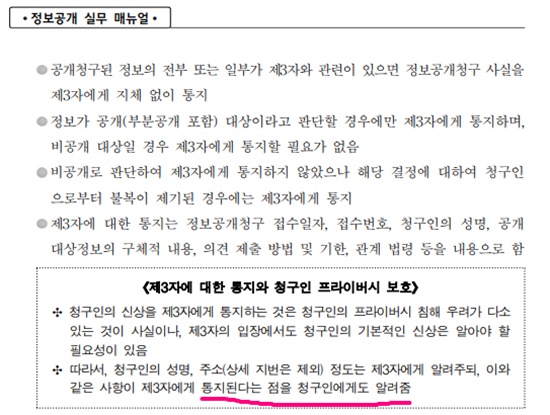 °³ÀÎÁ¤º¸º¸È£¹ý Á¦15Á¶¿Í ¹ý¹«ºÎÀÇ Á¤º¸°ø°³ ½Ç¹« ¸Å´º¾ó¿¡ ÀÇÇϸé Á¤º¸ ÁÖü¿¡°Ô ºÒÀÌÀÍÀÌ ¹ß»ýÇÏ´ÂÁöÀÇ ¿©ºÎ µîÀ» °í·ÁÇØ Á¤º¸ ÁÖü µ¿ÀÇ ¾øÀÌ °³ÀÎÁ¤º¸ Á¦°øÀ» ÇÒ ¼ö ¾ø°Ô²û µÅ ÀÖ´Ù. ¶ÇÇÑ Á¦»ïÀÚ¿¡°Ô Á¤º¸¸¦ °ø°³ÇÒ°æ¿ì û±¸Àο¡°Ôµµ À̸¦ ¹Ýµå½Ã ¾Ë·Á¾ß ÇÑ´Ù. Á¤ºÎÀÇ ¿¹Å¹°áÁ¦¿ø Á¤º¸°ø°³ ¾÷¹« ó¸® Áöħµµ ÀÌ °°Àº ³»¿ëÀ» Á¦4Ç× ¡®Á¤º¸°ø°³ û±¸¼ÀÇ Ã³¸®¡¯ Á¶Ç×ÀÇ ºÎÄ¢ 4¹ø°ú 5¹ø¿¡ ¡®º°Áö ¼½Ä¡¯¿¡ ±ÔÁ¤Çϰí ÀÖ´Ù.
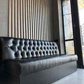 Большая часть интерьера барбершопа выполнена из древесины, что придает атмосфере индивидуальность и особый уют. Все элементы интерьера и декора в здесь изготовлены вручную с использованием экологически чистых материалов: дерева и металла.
--
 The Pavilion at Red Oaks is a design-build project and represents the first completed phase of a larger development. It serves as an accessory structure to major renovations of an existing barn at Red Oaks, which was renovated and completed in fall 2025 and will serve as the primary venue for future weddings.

**Prompt**
Output only the lines above from the line that holds "¼½Ä¡¯¿¡ ±ÔÁ¤Çϰí ÀÖ´Ù." through the line that holds "Большая часть интерьера", both ends included, and exclude pictures.

**Answer to this task**
 °³ÀÎÁ¤º¸º¸È£¹ý Á¦15Á¶¿Í ¹ý¹«ºÎÀÇ Á¤º¸°ø°³ ½Ç¹« ¸Å´º¾ó¿¡ ÀÇÇϸé Á¤º¸ ÁÖü¿¡°Ô ºÒÀÌÀÍÀÌ ¹ß»ýÇÏ´ÂÁöÀÇ ¿©ºÎ µîÀ» °í·ÁÇØ Á¤º¸ ÁÖü µ¿ÀÇ ¾øÀÌ °³ÀÎÁ¤º¸ Á¦°øÀ» ÇÒ ¼ö ¾ø°Ô²û µÅ ÀÖ´Ù. ¶ÇÇÑ Á¦»ïÀÚ¿¡°Ô Á¤º¸¸¦ °ø°³ÇÒ°æ¿ì û±¸Àο¡°Ôµµ À̸¦ ¹Ýµå½Ã ¾Ë·Á¾ß ÇÑ´Ù. Á¤ºÎÀÇ ¿¹Å¹°áÁ¦¿ø Á¤º¸°ø°³ ¾÷¹« ó¸® Áöħµµ ÀÌ °°Àº ³»¿ëÀ» Á¦4Ç× ¡®Á¤º¸°ø°³ û±¸¼ÀÇ Ã³¸®¡¯ Á¶Ç×ÀÇ ºÎÄ¢ 4¹ø°ú 5¹ø¿¡ ¡®º°Áö ¼½Ä¡¯¿¡ ±ÔÁ¤Çϰí ÀÖ´Ù.
 Большая часть интерьера барбершопа выполнена из древесины, что придает атмосфере индивидуальность и особый уют. Все элементы интерьера и декора в здесь изготовлены вручную с использованием экологически чистых материалов: дерева и металла.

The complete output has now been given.